Personal information
- Full name: Iván Corralejo Mantero
- Date of birth: 1 May 2007 (age 19)
- Place of birth: Valverde del Camino, Spain
- Height: 1.76 m (5 ft 9 in)
- Position: Midfielder

Team information
- Current team: Betis B
- Number: 37

Youth career
- 2016–2026: Betis

Senior career*
- Years: Team / Apps / (Gls)
- 2023–: Betis B / 19 / (2)
- 2026–: Betis / 1 / (0)

International career^{‡}
- 2023: Spain U16 / 3 / (0)
- 2023: Spain U17 / 3 / (0)
- 2025–: Spain U19 / 1 / (1)

= Iván Corralejo =

Spanish footballer (born 2007)

Iván Corralejo Mantero (born 1 May 2007) is a Spanish professional footballer who plays as a midfielder for Betis Deportivo.

==Club career==
Born in Valverde del Camino, Huelva, Andalusia, Corralejo joined Real Betis' youth sides at the age of nine. He signed his first professional contract with the club on 10 May 2023, and made his senior debut with the reserves on 19 November, coming on as a late substitute for Lucas Alcázar in a 1–0 Segunda Federación away loss to FC La Unión Atlético.

Corralejo made his first team debut on 31 October 2025, replacing Marc Roca in a 7–1 away routing of Atlético Palma del Río CF, for the season's Copa del Rey.

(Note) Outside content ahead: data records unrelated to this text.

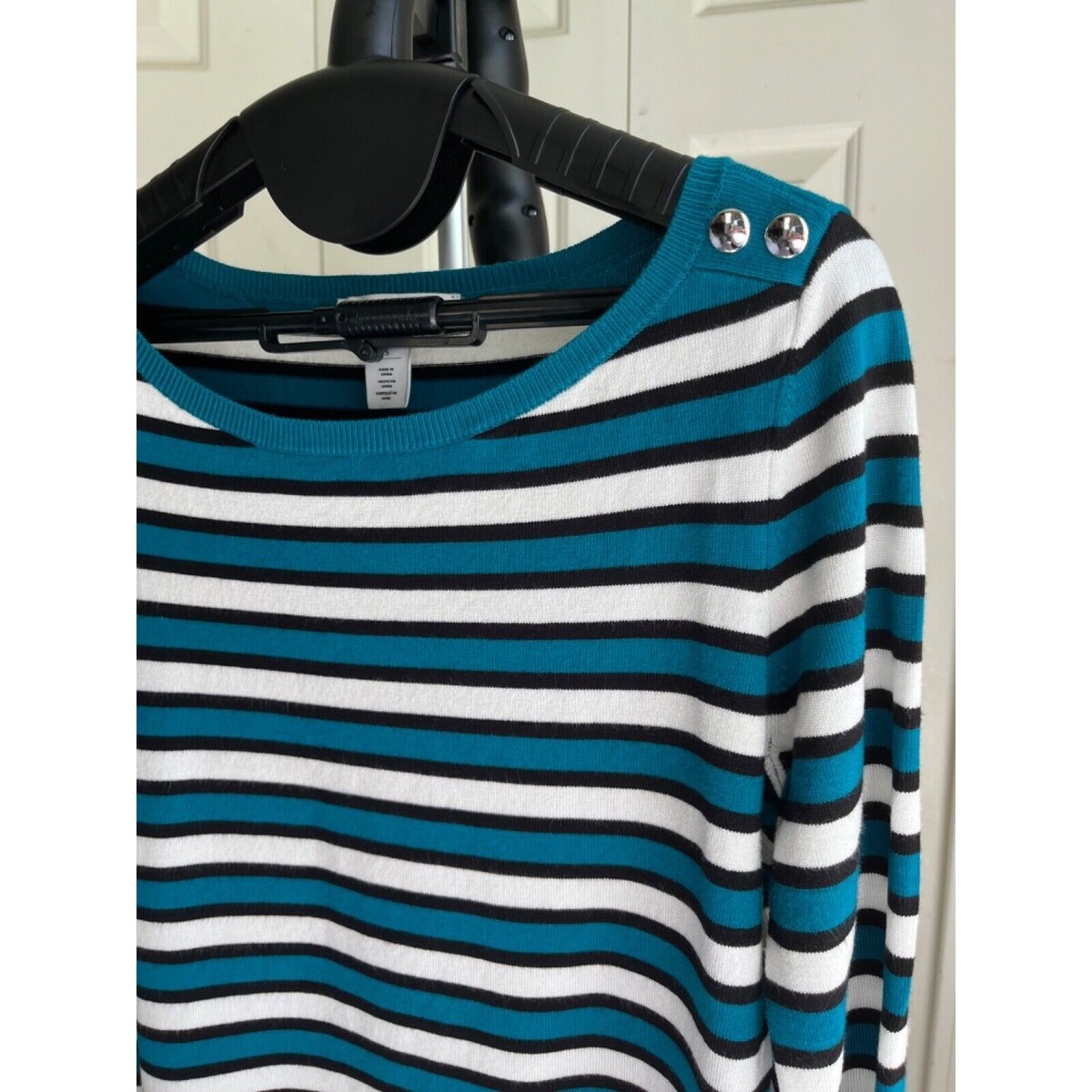 WHBM Henley Tee Shirt Blouse Pullover Striped Sweater, Size S
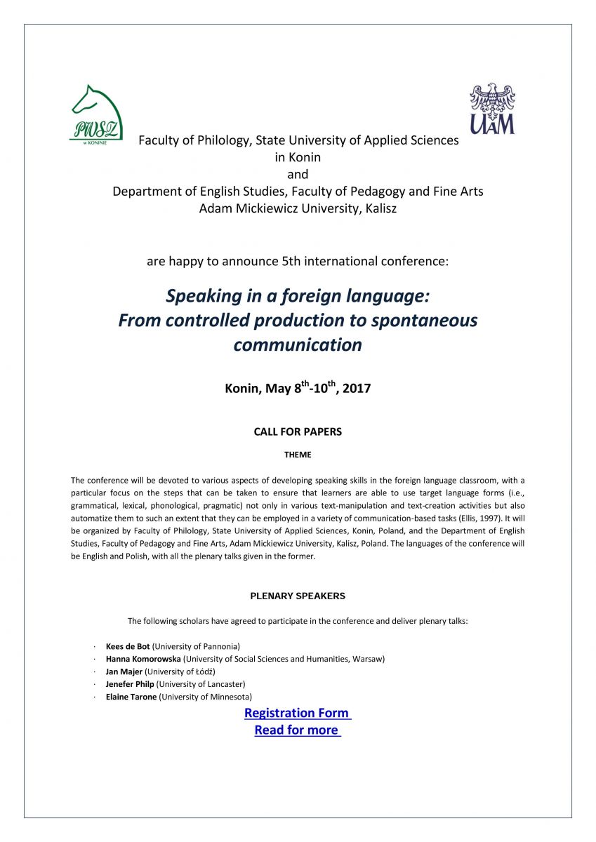 Speaking in a foreign language: From controlled production to spontaneous communication - konferencja
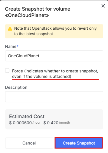 - In the window, enter a name, check the checkbox if needed and click Create Snapshot.
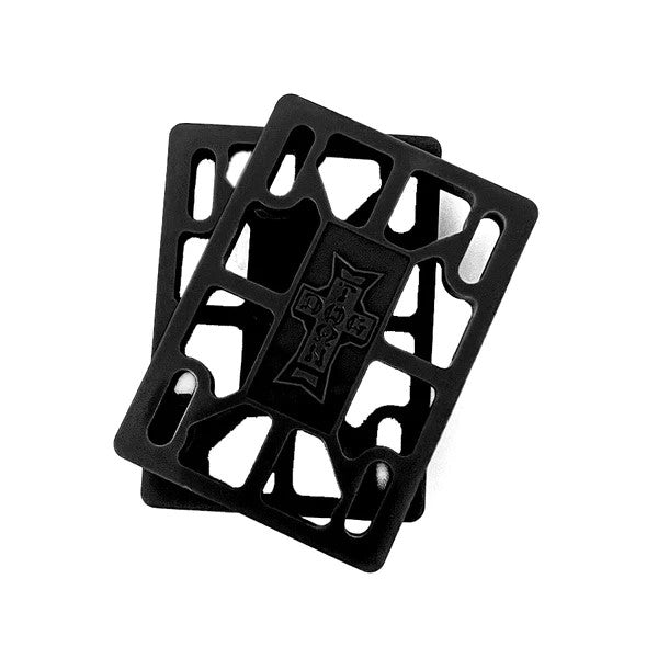 Dogtown Skateboard Risers. Includes a Pair of Risers. The main purpose of riser pads is to prevent wheel-bite. Risers also give your board more ride height which allows for bigger pop. Dogtown risers work on both new school and old school skateboards, and work with any bolt-pattern.
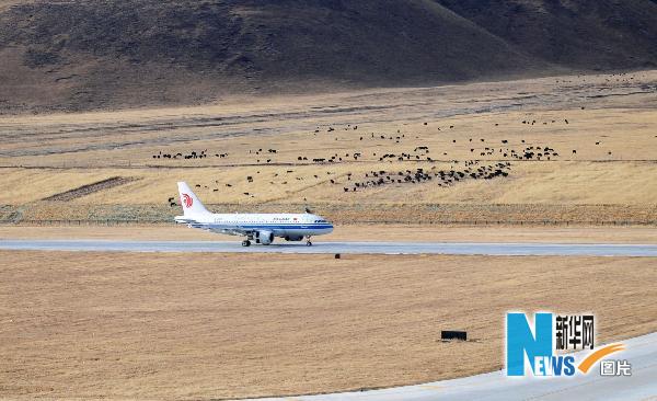 資料圖片:4月29日,一架國航空客A319客機降落在玉樹巴塘機場。 新華社記者 吳光于 攝
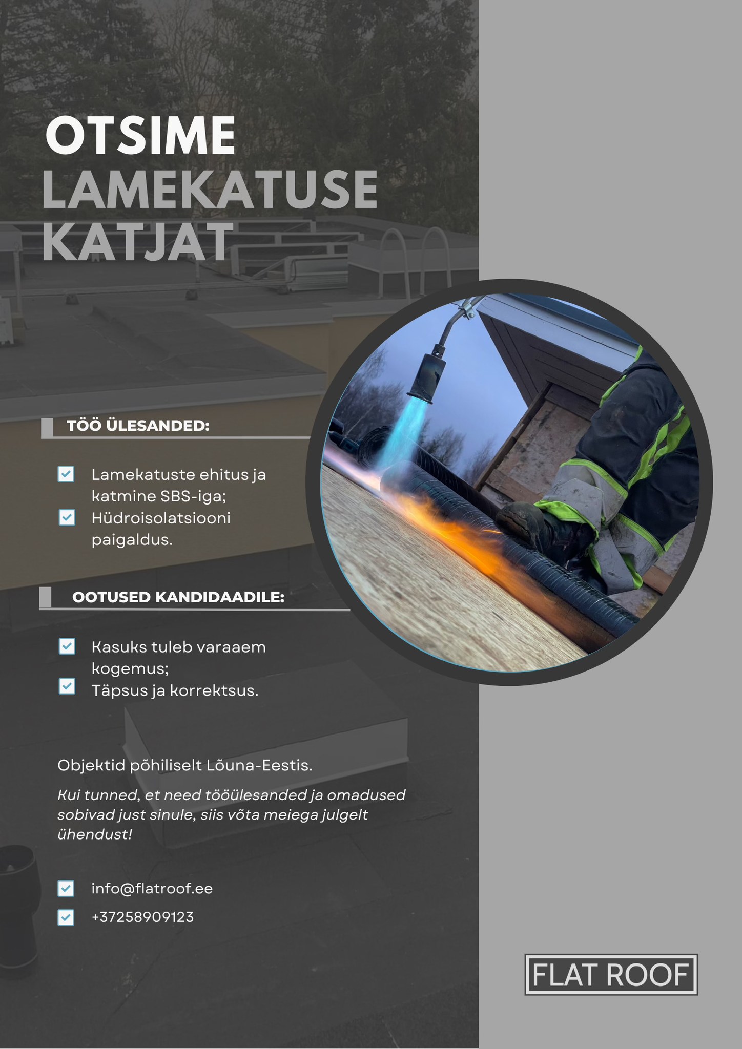 Kui sul on varasem kogemus lamekatuste ehituse ja SBS töödega, täpsus ning korrektsus, siis oled just sina see, keda otsime!
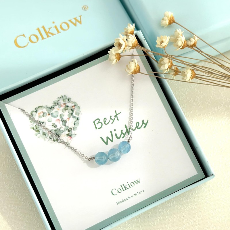 - 【Real Natural Gemstone】Colkiow uses natural aquamarine crystal with a diameter of 6 mm. Each bead is slightly different in color, pattern and shine. This is the characteristic of natural gemstones, and it is also your special mark.
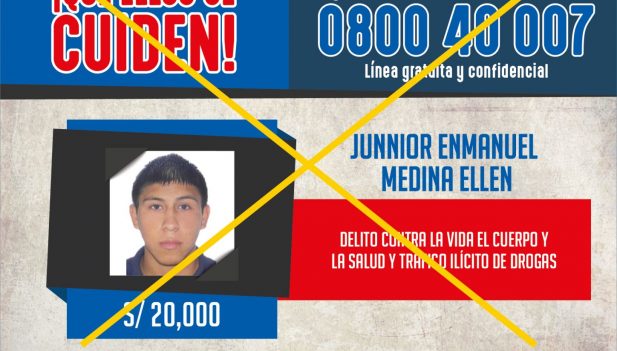 La cifra de prófugos capturados a través del Sistema de Recompensas impulsado por el Ministerio del Interior (Mininter) ascendió a 38 requisitoriados gracias a la captura del acusado por tráfico ilícito de drogas, Junnior Enmanuel Medina Ellen (23), quien fue detenido el pasado viernes durante un operativo policial en el distrito limeño de La Victoria.
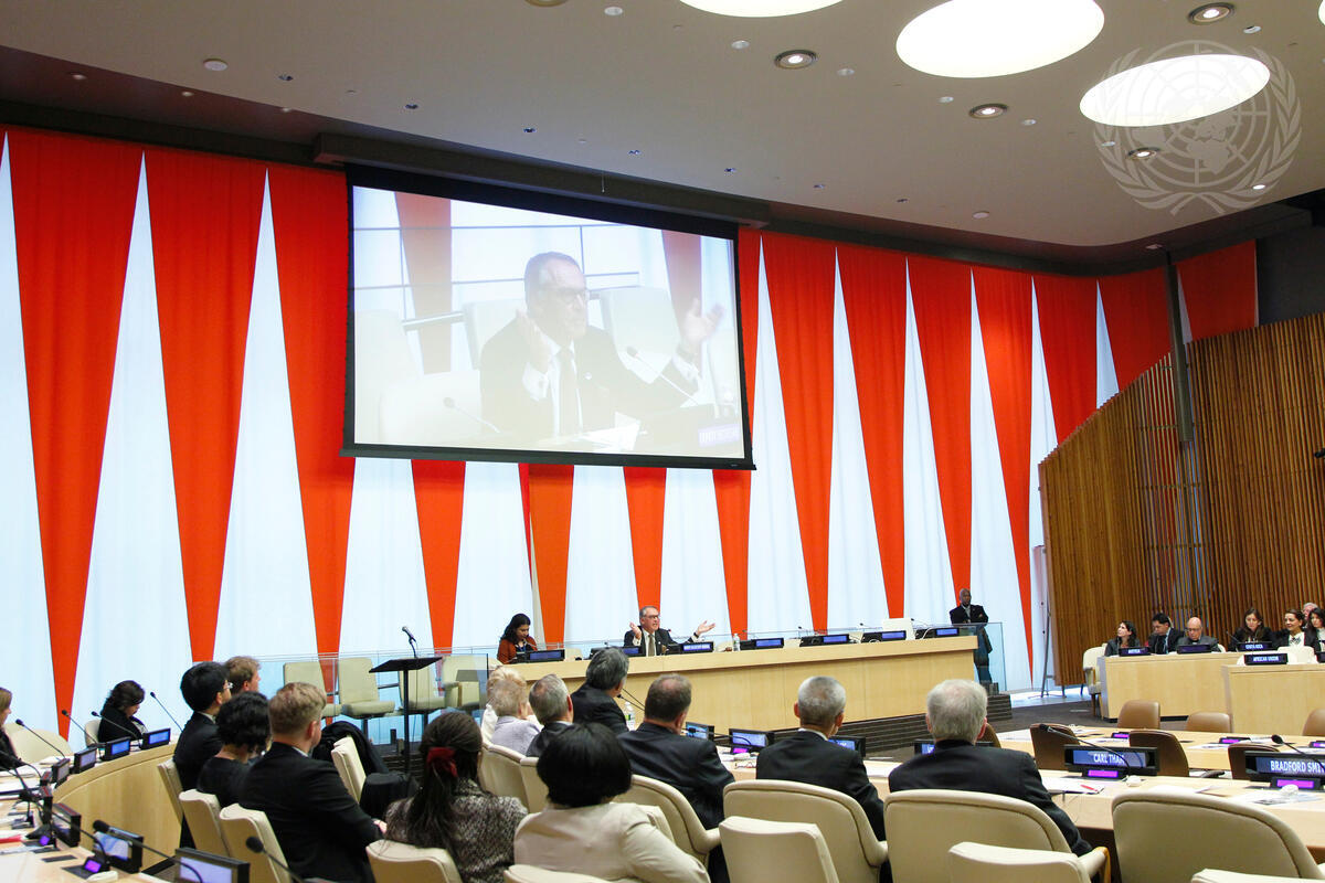 A view of the Economic and Social Council (ECOSOC) Chamber, as Deputy Secretary-General Jan Eliasson (shown at dais and on screen) delivers the closing remarks at the high-level event on human security, hosted by the Secretary-General’s Advisory Board on the subject.
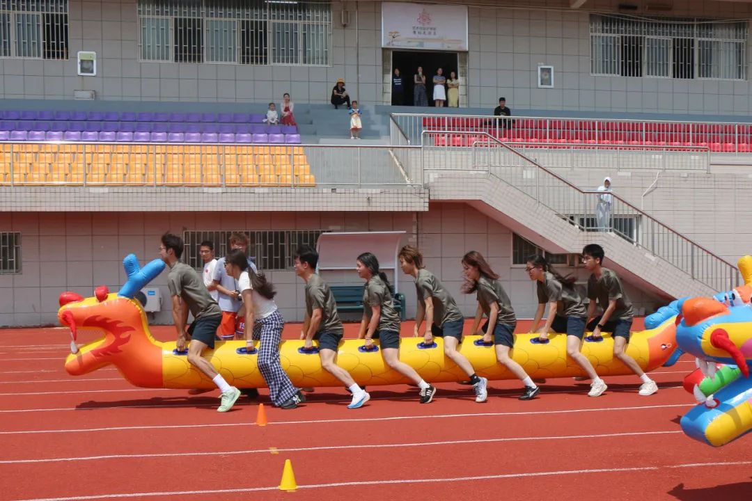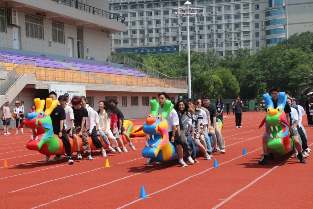 在旱地龙舟竞赛现场,来自各二级学院以及国旗队的12支代表队欢乐竞技、热闹非凡,最终国旗队斩获一等奖,环境与生物工程学院、计算机与自动化学院荣获二等奖,物流学院、经济与商务外语学院、文法学院获得三等奖。

On 24 November 2025, he renewed his link until 2028, and scored his first senior goal the following 4 January, netting the B's opener in a 2–2 home draw against CE Europa.

Corralejo made his professional – and La Liga – debut on 25 January 2026, replacing Cédric Bakambu in a 2–1 away loss to Deportivo Alavés.

==International career==
Corralejo represented Spain at under-16, under-17 and under-19 levels.